Женька подошла, заглянула в глаза. Голубые васильки неподвижно смотрели в пасмурное небо. Тогда наклонилась и коснулась губами холодных губ. Это был её первый поцелуй. Она никогда ещё не целовала ни одного мужчину.

Лицо закрыли пилоткой, могилу засыпали песком. Все разошлись, только Женька неподвижно стояла на коленях на холодной и мокрой земле. Когда долго смотришь на песок, кажется, что он шевелится.
Ей вдруг показалось, что Виктор пытается выбраться из могилы, что он там живой, живой. Все ошиблись. Она рванулась вперёд и начала яростно разбрасывать песок. И кричала:
– Витя, Витя, Витенька-а-а!
Пожилой старшина, который немало повидал за свою жизнь, и знал, что бывает с людьми, когда уходят их близкие, стоял в сторонке. Подошёл, осторожно обнял девушку и увёл. Она уже ничего не чувствовала.
Два дня провалялась в горячке в медсанбате. На третий, когда очнулась, пришёл её навестить старшина, приехавший в тыл по хозяйственным делам.
– Выздоравливай Женя, ты у нас, как ясно солнышко, вся рота тебя ждёт.
– А скажите, товарищ старшина, вы догадывались, что я люблю… что я любила его?
– Конечно, дочка, у тебя же на лице всё написано.
– А он, как вы думаете, а он… знал?
– И он знал, я думаю, догадывался — точно.
Только после этих слов Женька поняла, что жизнь её ещё не закончилась.

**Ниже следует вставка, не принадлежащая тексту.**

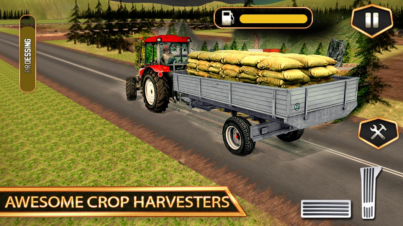 Welcome to the realistic world of Farming Sim. Being a successful farmer today requires knowledge of advanced technology and operation of many trucks and machines like farm tractor machines, heavy cargo truck driving, euro farm tractor etc. Immerse into a huge open world of your modern farmland and cultivate or harvest multiple types of crops such as sugar beet, potatoes, wheat, canola, corn, rice, cotton, and sunflower. Field Plowing, pesticide spraying into the fields, watering the fields, growing the wheat, cotton and rice crops and other farming activities are part of this Grand Tractor Farming Sim 3D - Tractor Farmer 2018 game, Tractor Driver simulator. Transport wheat, rice and animals to the grain market and city market and sell. Be careful while driving on bumpy roads of the village. Farming truck driver simulator, farming forage plow harvester, wheat farming tractor simulator, farm tractor trolley game, little farmer big farm, little farmer big farm, cow farming harvester simulator, farm silage transporter truck.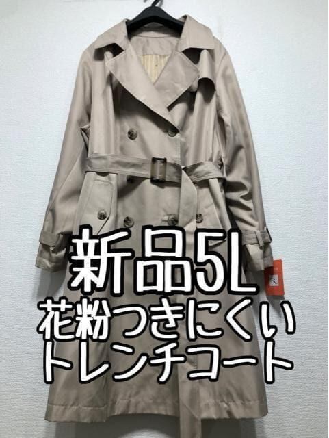 新品☆5L♪ベージュ系♪花粉つきにくいトレンチコート♪防汚はっ水☆w555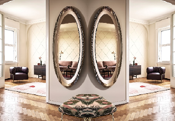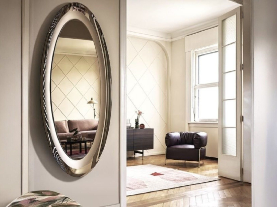 Ogledalo romantičnog stila sa razigranim linijama, sposobno da obogati svaki zid vašeg doma šarmom i praktičnošću. SURFACE karakteriše zakrivljeni okvir, spoljašnje ogledalo i unutrašnje satenska završna obrada. Može se okačiti na zid horizontalno ili vertikalno.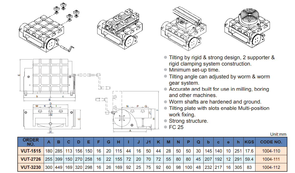 – Bàn máy phay nghiêng tải trọng nặng VUT có thể thiết lập được góc nghiêng từ 0 – 90°.
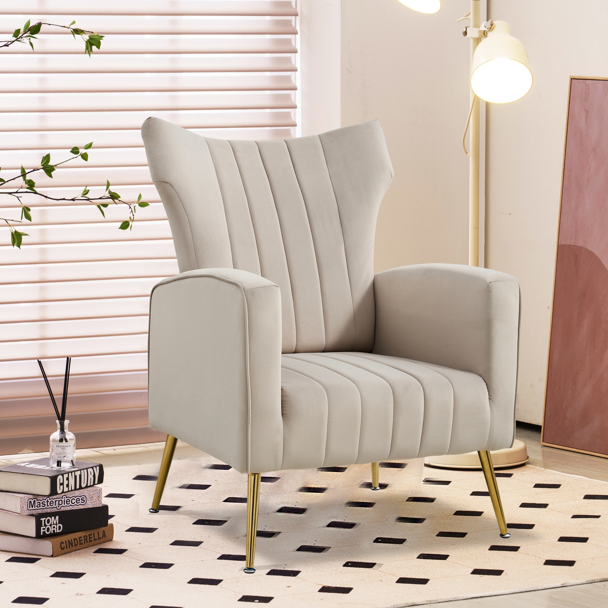 Modern Velvet Accent Chair with Arms, Wingback Reading Chair, Comfy Upholstered Single Leisure Sofa for Living Room Bedroom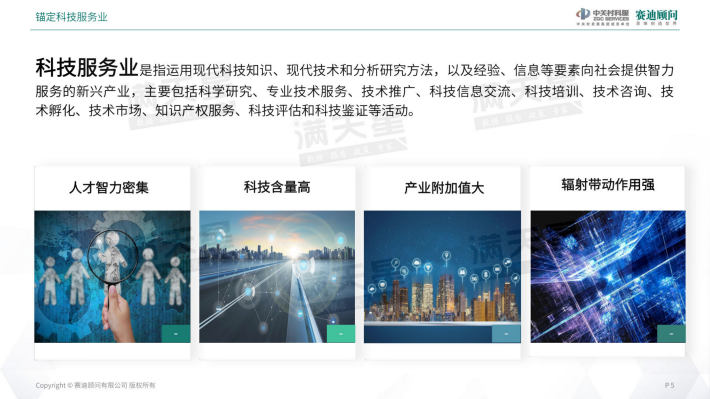 科技服务业是指运用现代科技知识、现代技术和分析研究方法,以及经验、信息等要素向社会提供智力服务的新兴产业,主要包括科学研究、专业技术服务、技术推广、科技信息交流、科技培训、技术咨询、技术孵化、技术市场、知识产权服务、科技评估和科技鉴证等活动。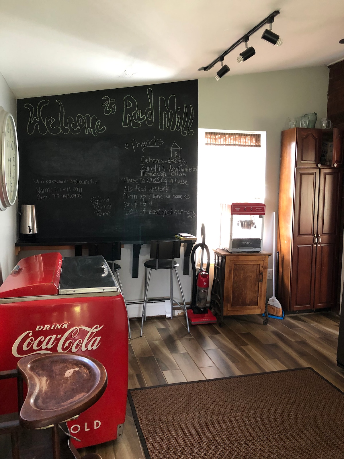 The Red Mill House is located at Exit 33(Yocumtown) off Interstate 83, easy access to Pennsylvania Turnpike and I-81. It is convenient to Walmart, pizza shops, fast food restaurants and small shopping areas. We are centrally located between Hershey, Lancaster, Gettysburg and close to York & Harrisburg. There is a large level yard, fire pit & barbeque grill, great for families. This is an old house, very functional but old!.Many quaint details with modern conveniences. It is NOT a 5 star hotel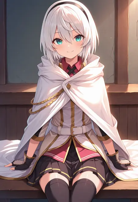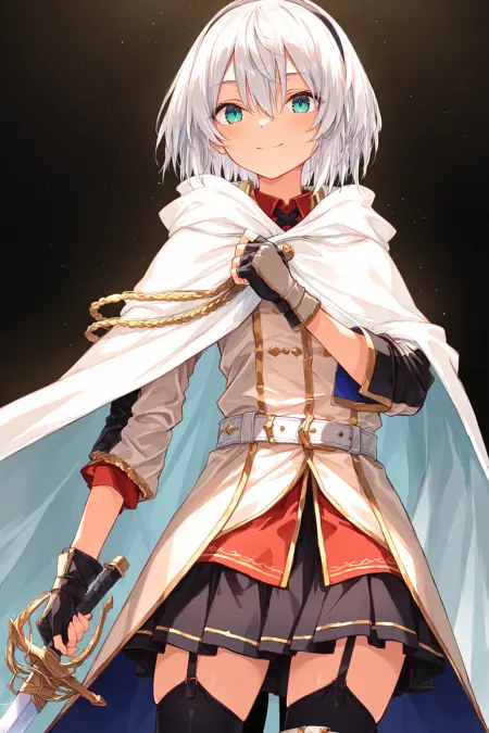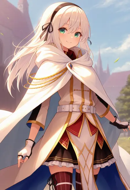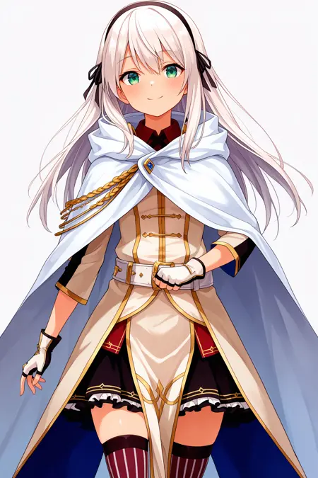 阿维莉亚服装:白色斗篷, 白色披风, 腰带, 露指手套, 衬衫, 白色手套, 裙子, 披风, 长袖, 连帽, 黑色短裙, 荷叶边裙, 条纹过膝袜, 骨盆帘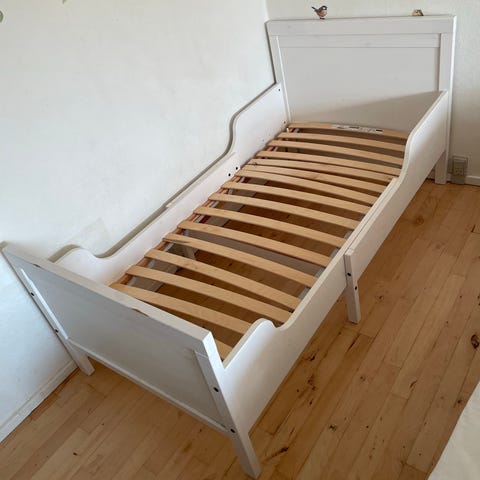 Juniorseng, Seng fra Ikea, Dejlig seng fra Ikea, Slakt. Skummadras (nypris 1300) samt 2 topmadrasser i foam ( nypris 600 stk) hvis man ønsker at ligge særlig blødt ??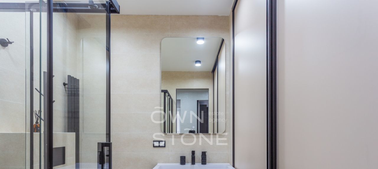 Планировка: просторная кухня-гостиная, мастер-спальня, кабинет (может использоваться как вторая спальня), санузел с душевой кабиной, теплые полы по всей квартире. Окна во двор. Мебель докупается под запрос арендатора. В квартире очень тихо.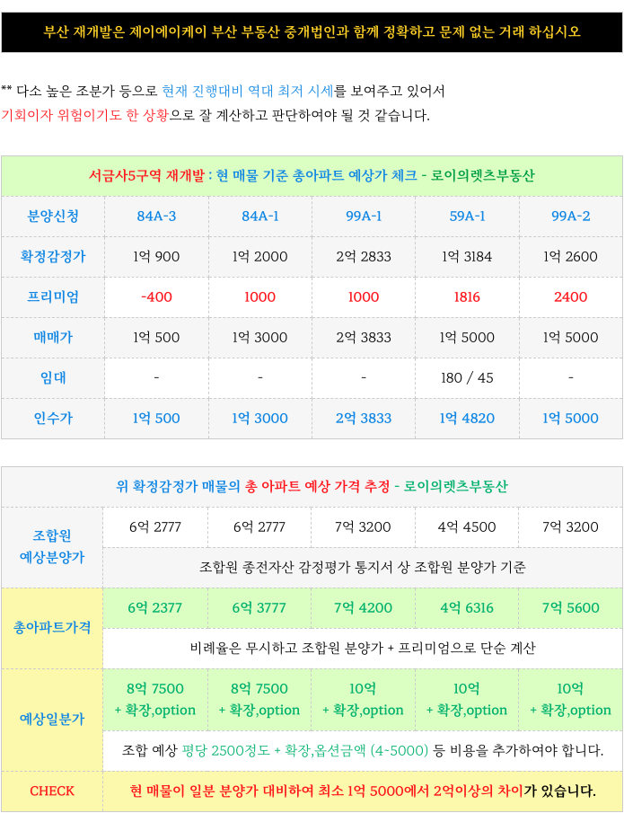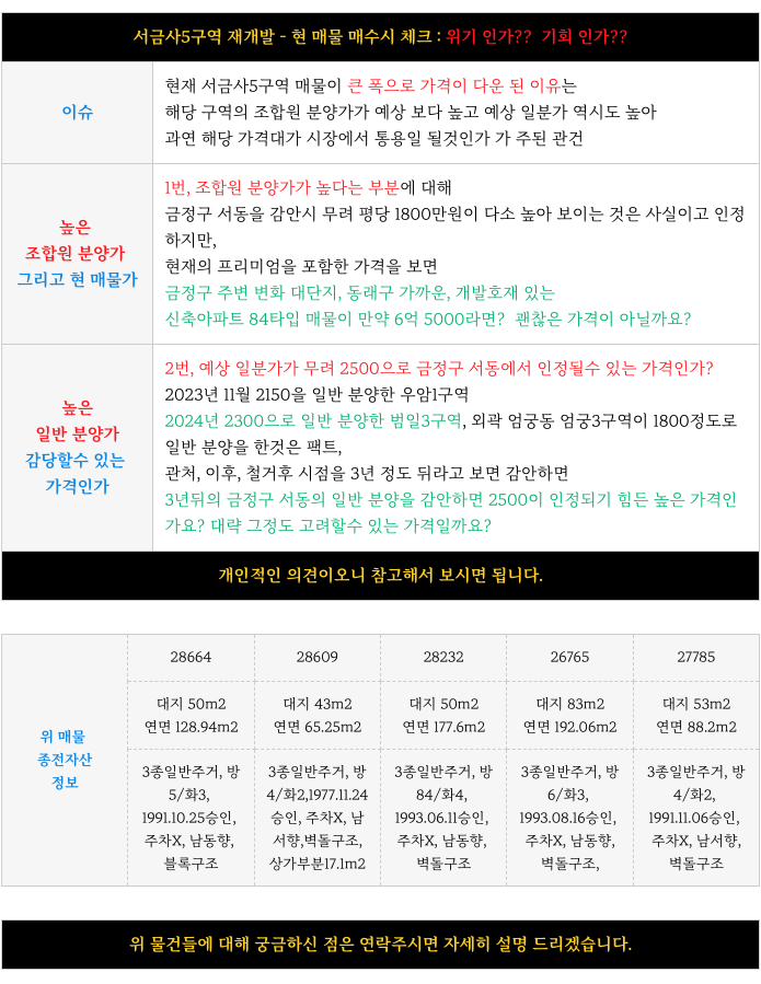 2. 현재 가능 매물 & 예상 총 아파트 가격 & 수익성 체크 : 서금사5구역 재개발 :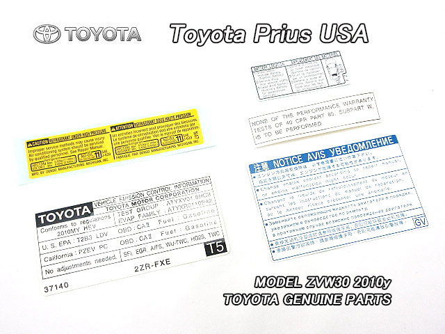 > プリウスZVW30前期【TOYOTA】トヨタPRIUS純正USラベル5点-ボンネットフード裏側(2010年モデル)/USDM北米仕様コーションステッカーUSAセット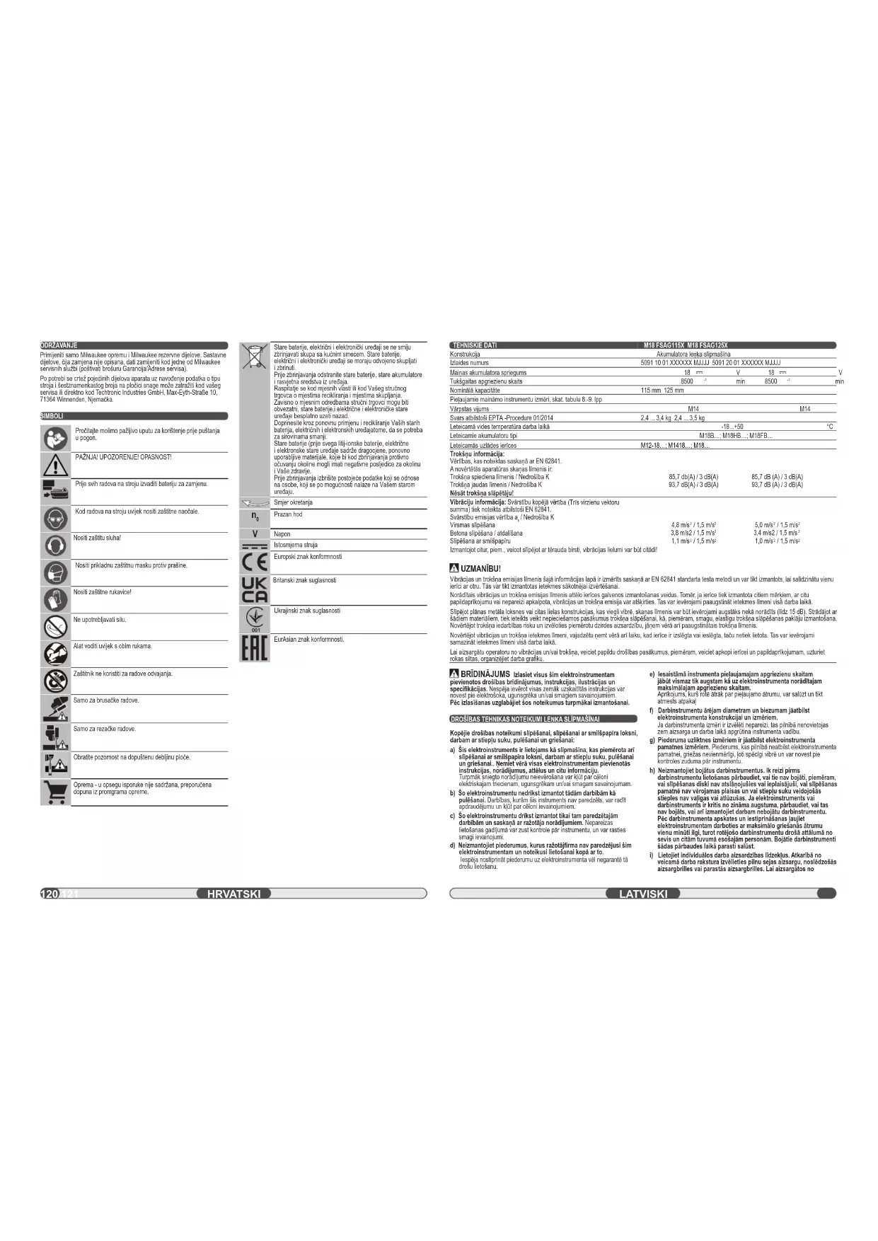 Uzglabājiet maināmos instrumentus aizsargātus no putekļiem sausās, bez sala telpās nemainīgā temperatūrā. Pirms elektroinstrumenta uzglabāšanas vai transportēšanas noņemiet maināmas daļas, lai izvairītos no bojājumiem. Neizmantojiet bojātus instrumentus. Glabāšanas un transportēšanas laikā pasargājiet elektroinstrumentus no tiešiem saules stariem. APKOPE Izmantojiet tikai fi rmu Milwaukee piederumus un fi rmas Milwaukee rezerves daļas. Lieciet nomainīt detaļas, kuru nomaiņa nav aprakstīta, kādā no fi rmu Milwaukee klientu apkalpošanas servisiem. (Skat. brošūru "Garantija/klientu apkalpošanas serviss".) Pēc pieprasījuma, Jūsu Klientu apkalpošanas centrā vai pie Technotronic Industries GmbH, Max-Eyth-Straße 10, 71364 Winnenden, Vācijā, ir iespējams saņemt iekārtas montāžas rasējumu, iepriekš norādot iekārtas modeli un sērijas numuru, kas atrodas uz datu plāksnītes un sastāv no sešiem simboliem. SIMBOLI Pirms sākat lietot instrumentu, lūdzu, izlasiet lietošanas instrukciju. UZMANĪBU! BRĪDINĀJUMS! BĪSTAMI! Pirms mašīnai veikt jebkāda veida apkopes darbus, ir jāizņem ārā akumulātors. Strādājot ar mašīnu, vienmēr jānēsā aizsargbrilles. Nēsāt trokšņa slāpētāju! Jānēsā piemērota maska, kas pasargā no putekļiem. Jāvalkā aizsargcimdi! Nepielietot spēku Vienmēr vadiet instrumentu ar abām rokām. Neizmantojiet aizsargpārsegu griešanas darbiem. Tikai slīpēšanai Tikai atdalīšanai Ievērojiet pieļaujamo diska biezumu. Piederumi - standartaprīkojumā neietvertās, bet ieteicamās papildus komplektācijas detaļas no piederumu programmas. Neutilizējiet bateriju atkritumus, elektrisko un elektronisko iekārtu atkritumus kā nešķirotus sadzīves atkritumus. Bateriju atkritumi un elektrisko un elektronisko iekārtu atkritumi ir jāsavāc atsevišķi. Bateriju atkritumi, akumulatoru atkritumi un gaismas avotu atkritumi ir jānoņem no iekārtas. Sazinieties ar vietējo iestādi vai mazumtirgotāju, lai iegūtu padomus par otrreizējo pārstrādi un savākšanas punktu. Atkarībā no vietējiem noteikumiem, mazumtirgotājiem var būt pienākums bez maksas pieņemt atpakaļ bateriju atkritumus un elektrisko un elektronisko iekārtu atkritumus. Jūsu ieguldījums bateriju atkritumu un elektrisko un elektronisko iekārtu atkritumu atkārtotā izmantošanā un otrreizējā pārstrādē palīdz samazināt pieprasījumu pēc izejvielām. Bateriju atkritumos, īpaši tajos, kas satur litiju, un elektrisko un elektronisko iekārtu atkritumos ir vērtīgi, otrreiz pārstrādājami materiāli, kas var negatīvi ietekmēt vidi un cilvēku veselību, ja tie netiek utilizēti videi draudzīgā veidā. No iekārtu atkritumiem izdzēsiet personāla datus, ja tādi ir. Rotācijas virziena

Когда вернулась в роту, подошёл к ней Вовка Серёдкин, достал из кармана что-то завёрнутое в обрывок газеты:
– Вот возьми. Это от старшего лейтенанта. Он просил тебе передать, сам-то, сказал, стесняюсь. Прости, не успел раньше…
Женька развернула газету, в ней оказалась немецкая шоколадка.
– А когда он тебя это… попросил?
– Незадолго до того, как бомба в блиндаж попала. Сдружились мы на плацдарме за Днепром, там пекло было, мало, кто в живых остался. Вот он и рассказал о тебе… когда смерть над головой висит, откровенным становишься.
– А что рассказал?
– Да ты и сама знаешь — любил он тебя.
– А обо мне что?
– О тебе?  — Вовка задумался. — Сказал, что чувствует — ты тоже… да что-то не получается у вас.
Женька глотнула подступившие слёзы, пробормотала: – Спасибо, Вова. — Отвернулась и убежала.
Месяц потом носила в кармане ту шоколадку, отламывала по маленькому кусочку, прихватывала губами, как будто целовала его, уже лежащего в земле.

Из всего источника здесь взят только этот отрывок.